Roosevelt Lafontrant, a former marine colonel now employed by the Schafer Corporation, a technology company, said the technology was advancing rapidly. “If we had had the Sustain programme in operation in 2002, Bin Laden would have been captured and history fundamentally changed,” he said recently. 

http://www.timesonline.co.uk/tol/news/world/us_and_americas/article4969025.ece


----------



## Gasplug (20 Oct 2008)

> Others question how effective a fighting force of just 13 soldiers could be on the ground.

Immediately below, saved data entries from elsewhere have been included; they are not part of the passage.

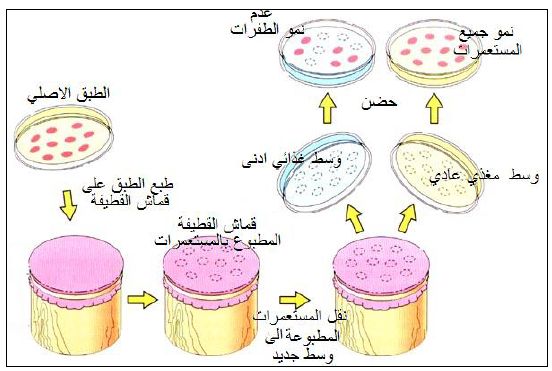 طريقة صممها Lederberg and Lederberg عام 1952 وبواسطتها يمكن عزل الطفرات من مجموع بكتريا نامية تحت ظروف غير انتخابية وتستعمل بشكل أساسي في وراثة البكتريا، وفيها ينمى المزروع البكتيري المعامل بالمطفرات على وسط صلبغير انتخابي بحرارة ملائمة إلى ان تصل المستعمرات حجم متوسط ثم تطبع هذه المستعمرات على Replica Block المكونة من اسطوانة صلدة قطرها أقل بقليل من قطر الطبق مغطاة بقماش القطيفة Velvet ومثبتة بحلقة معدنية ، وبعد طبع المستعمرات عليها تطبع عليها أطباق حاوية على عوامل انتخابية مثل عوامل نمو أو مضادات حيوية ويمكن طبع أطباق عديدة تصل إلى 15 طبق بكفاءة عالية ثم تحضن الأطباق المطبوعة في الحاضنة بدرجة حرارة ملائمة، أما الطبق الأصلي الذي طبعت منه الأطباقMaster Plate فيحفظ لمقارنة الأطباق الأخرى كما موضحة في الاتي :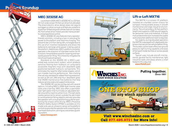 The 3232SE AC can be configured with several options, including MEC’ s 1,000-watt inverter, pipe racks and a tool tray. MEC also offers a perimeter laser light option that illuminates an adjustable border around the machine while it is on. This light alerts nearby personnel to remain outside the perimeter to avoid potential falling objects and also provides the operator with a visual positioning guide for positioning the chassis while driving. MEC’ s Proactive Platform Safety System( PPSS) is available on this model and uses an ultrasonic sensor at the platform controls to provide the operator with a warning of an overhead obstruction, serving as a secondary guarding system. www. mecawp. com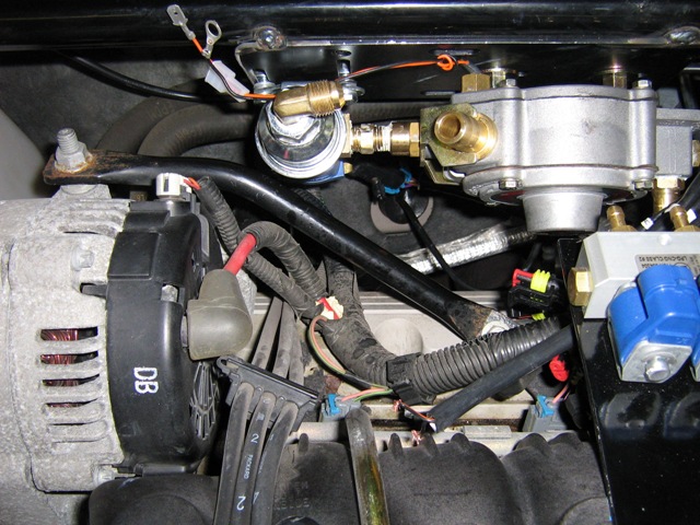 The really technically challenging part of an injection conversion is splicing the propane system's wiring into the engine's wiring harness. On universal systems, the installer has to figure out which wires to splice into. On model-specific systems, the kit manufacturer's wiring diagram specifies exactly which wires go where. On the Impala, the vehicle's computer is located in the airbox and splices were made near the PCM connectors. |

Poor critic, these are MARINES you are talking about.... HURRAH!

Gasplug


----------



## MarkS33 (20 Oct 2008)

cool idea... dont know how many marines would volunteer for space flight... I know I would!

good find!


----------



## Greymatters (20 Oct 2008)

I think this is the same as the 'SUSTAIN' thread already posted...?


----------



## geo (20 Oct 2008)

Gawd.... something right out of a Dale Brown novel..... Spaceplanes
Will a militarized space station and ground based laser weapons be next ???


----------



## Greymatters (20 Oct 2008)

Ah, I see its been combined now...


----------



## Ex-Dragoon (20 Oct 2008)

Mark said:
			
		

> cool idea... dont know how many marines would volunteer for space flight... I know I would!
> 
> good find!



Are you a Marine?


----------



## Old Sweat (20 Oct 2008)

If I recall correctly, a similar concept was being bandied about by The Corps in the sixties.


----------



## Greymatters (20 Oct 2008)

Old Sweat said:
			
		

> If I recall correctly, a similar concept was being bandied about by The Corps in the sixties.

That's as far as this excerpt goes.